Our major export to India: logs, wool and coal. Our major imports from India: medicaments and ICT services

And now our government negotiators want more access to their dairy markets while India is fighting tooth and nail to improve its infrastructure so as to establish itself in the global supply chain for hi-tech manufacturing!


had a laugh yesterday asked a colleague how we would go arranging a FTA for beef exports to india,
he pointed out the irony they have plenty of beef exports which they would be happy to send here
but refuse imports due to the major reglion


We could just trade with Australia instead.

Plenty of roo pee's over there.


In 1980 the Indian and Chinese economies were the same size. Today China is 4 times larger. India continued with protectionism, a planned economy, and communism (the Indian Communist Party was quite large at the State level). China on the other hand adopted a more open economy and lifted millions out of poverty. It is only with Chairman Xi, who is a true communist believer, have we seen signs of the Chinese economy faltering. That's not a coincidence.


talk about rose tinted glasses, the government in china still controls everything, some people made money most are struggling, there has been billions of dollars sent out of china to all around the world mostly in property to protect against the state taking it off them.
china still shuts down imports a drop of a hat on the instructions of its government for political reasons that's not an open economy


I am well aware the evils of the CCP - if you look at my other posts you would clearly see that. However, my point about allowing free-ish enterprise still stands. And your points actually supports what I am saying. In the last few years China has gone backwards in opening up and allowing free enterprise and free people.

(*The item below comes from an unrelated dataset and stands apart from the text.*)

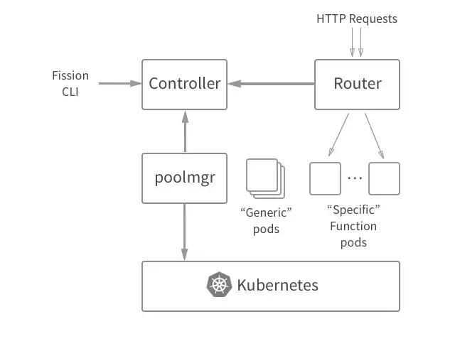 Fission简单说来,就是一个Web应用,Go语言编写,使用gorilla框架。不过它的模板引擎替换成了Kubernetes中的Service。使用k8s.io/client-go/kubernetes接口来操控(k8s就是Kubernetes)。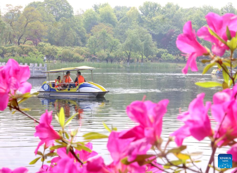 Tourists take a boat tour to enjoy the blossoms at the Qingshan Park in Wuhan, central China's Hubei Province, April 18, 2026. (Photo by Zhao Jun/Xinhua)

Hence, the economic and social pressures they are facing. More freedom is the answer to both China and India's woes.


Balancing India's diverse population, with many active linguistically separate provinces/states with a unified approach, plan, execution, especially in a democratic set up, is a huge challenge. India has done that fairly well, at the cost of some growth. Growth without proper distribution leads to inequality, which is also a developing problem bin India.
Their main error was not pushing for education more intensively, after independence. That still persists.